== Source material ==
+++

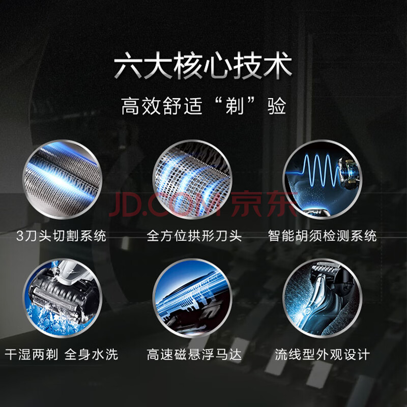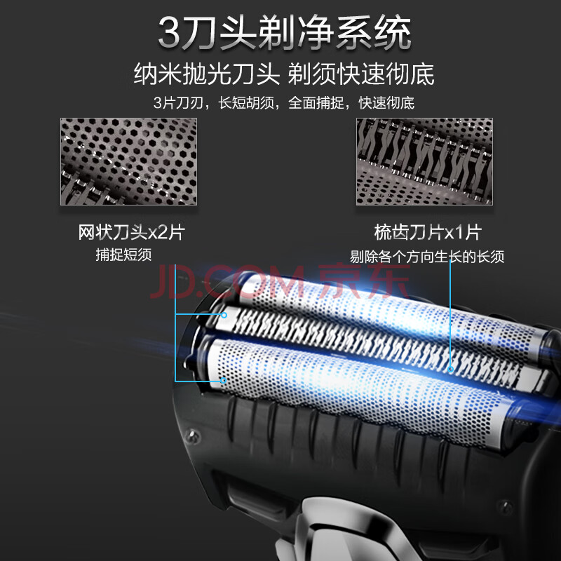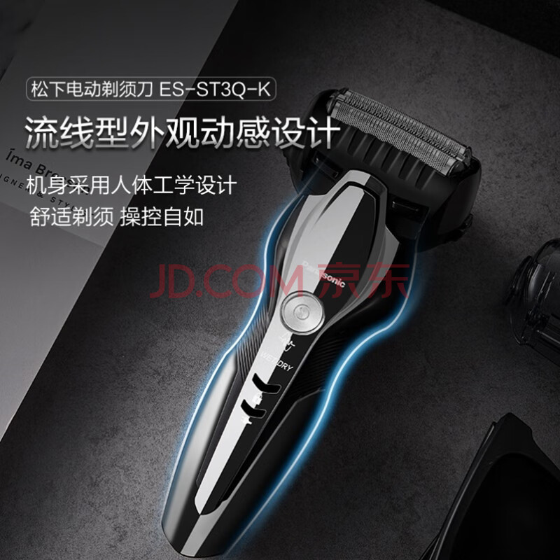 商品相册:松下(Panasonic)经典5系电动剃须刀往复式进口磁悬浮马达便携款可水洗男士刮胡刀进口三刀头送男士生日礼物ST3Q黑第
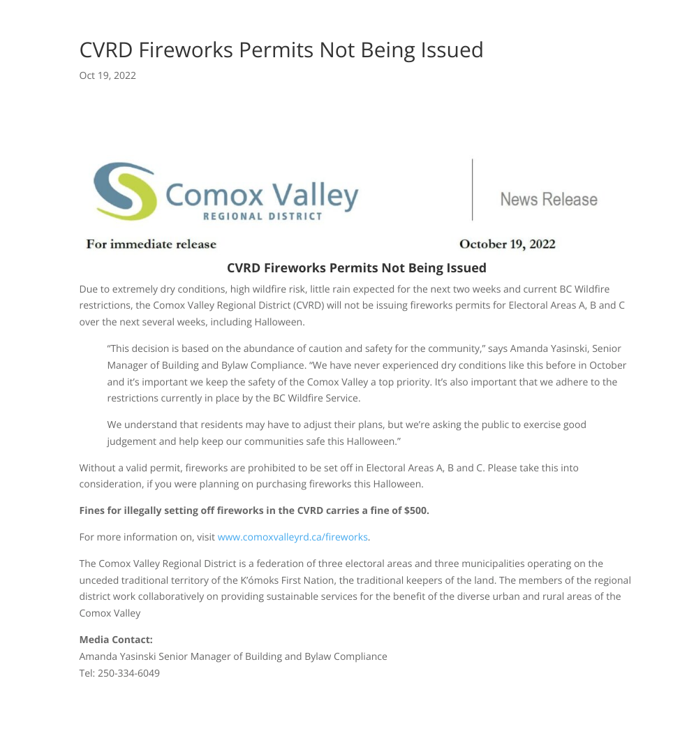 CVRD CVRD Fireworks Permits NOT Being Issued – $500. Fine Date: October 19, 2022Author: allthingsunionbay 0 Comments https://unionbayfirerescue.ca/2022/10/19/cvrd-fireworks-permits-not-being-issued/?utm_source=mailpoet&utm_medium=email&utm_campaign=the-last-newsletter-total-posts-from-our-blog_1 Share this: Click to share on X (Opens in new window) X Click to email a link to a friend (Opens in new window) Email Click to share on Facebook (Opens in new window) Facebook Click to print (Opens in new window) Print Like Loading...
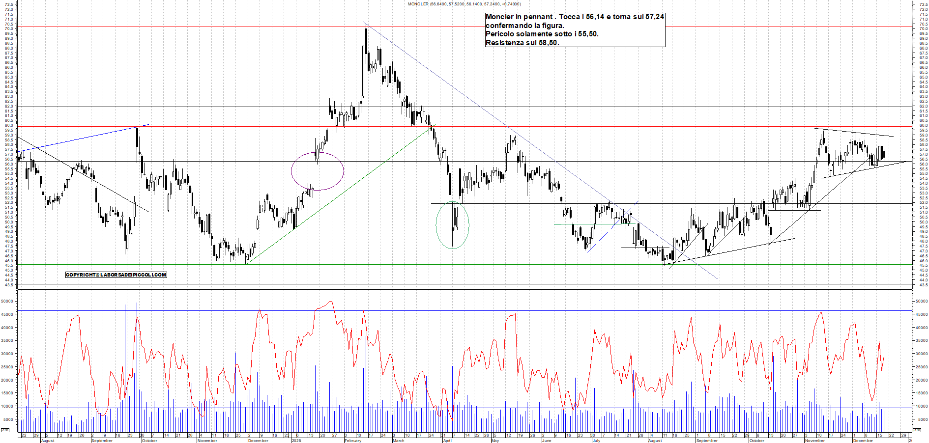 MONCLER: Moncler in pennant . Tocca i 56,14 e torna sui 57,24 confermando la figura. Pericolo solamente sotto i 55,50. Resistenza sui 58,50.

+++

== What you should do ==
A verbatim copy of the listing, with all pictures removed, is required.

== Response ==
 商品相册:松下(Panasonic)经典5系电动剃须刀往复式进口磁悬浮马达便携款可水洗男士刮胡刀进口三刀头送男士生日礼物ST3Q黑第
 CVRD CVRD Fireworks Permits NOT Being Issued – $500. Fine Date: October 19, 2022Author: allthingsunionbay 0 Comments https://unionbayfirerescue.ca/2022/10/19/cvrd-fireworks-permits-not-being-issued/?utm_source=mailpoet&utm_medium=email&utm_campaign=the-last-newsletter-total-posts-from-our-blog_1 Share this: Click to share on X (Opens in new window) X Click to email a link to a friend (Opens in new window) Email Click to share on Facebook (Opens in new window) Facebook Click to print (Opens in new window) Print Like Loading...
 MONCLER: Moncler in pennant . Tocca i 56,14 e torna sui 57,24 confermando la figura. Pericolo solamente sotto i 55,50. Resistenza sui 58,50.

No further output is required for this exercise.